Creates a pipelined execution pattern with automatic stage and initiation interval calculation:

.. code-block:: python

    with wave.pipeline(k_loop) as pipelined_loop:
        pipelined_loop.set_stage([
            (global_load_a, global_load_b),
            (shared_write_a, shared_write_b),
        ])
        pipelined_loop.set_stage([
            (shared_load_a, shared_load_b),
            (mma,),
        ])

The pipeline operation enables advanced optimizations like overlapping memory operations with computation.

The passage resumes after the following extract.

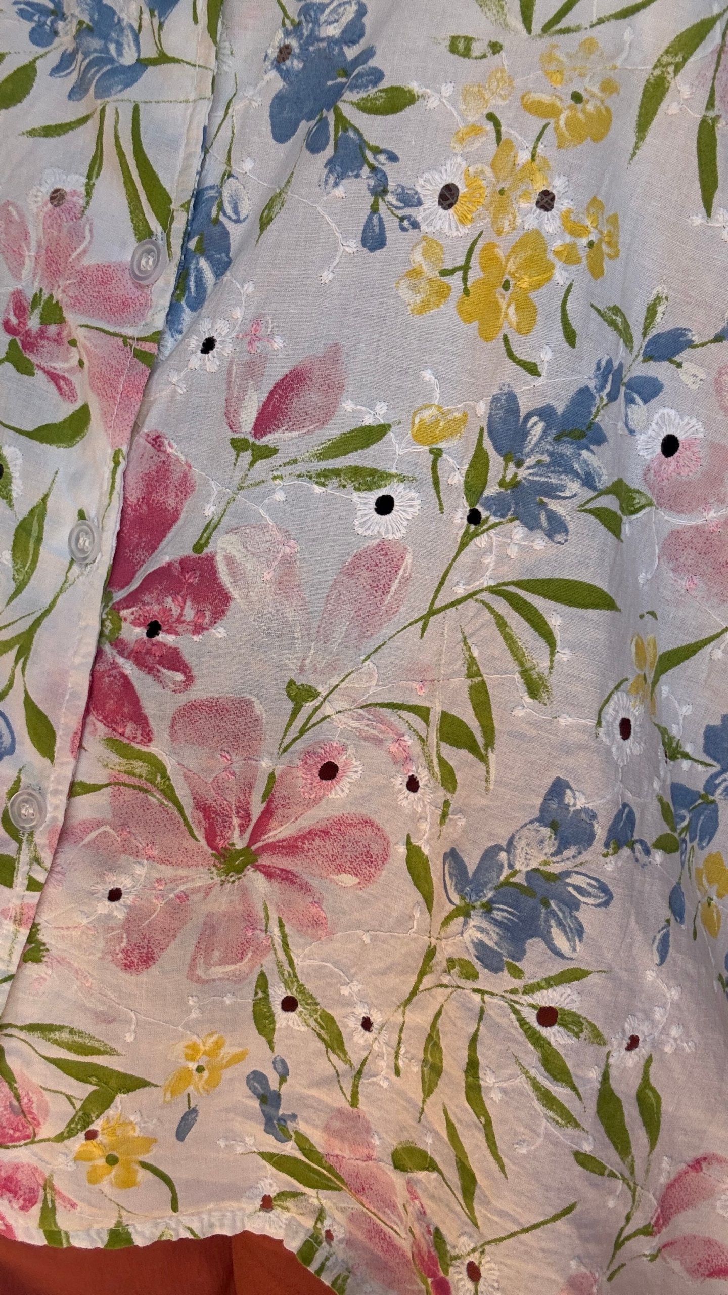 Sa base blanche est sublimée par de délicates broderies aux tons bleu, rose et jaune pour un rendu à la fois romantique et créatif. On adore ses manches courtes et fluides, parfaites pour celles qui aiment le confort sans compromis sur le style !

**Automatic Parameter Calculation**: The pipeline system automatically calculates the initiation interval based on the number of operation groups (tuples) in each stage. For example, if a stage contains 2 operation groups like ``[(op1, op2), (op3, op4)]``, the initiation interval for that stage will be 2. Stages are numbered sequentially (0, 1, 2, ...) as they are added to the pipeline.

**Operation Grouping**: Operations within each tuple are scheduled to execute in parallel, while tuples within a stage are scheduled sequentially. Additionally, operations in the same tuple position (ith tuple) across different stages will also co-execute. This allows fine-grained control over which operations can overlap and which must execute in order.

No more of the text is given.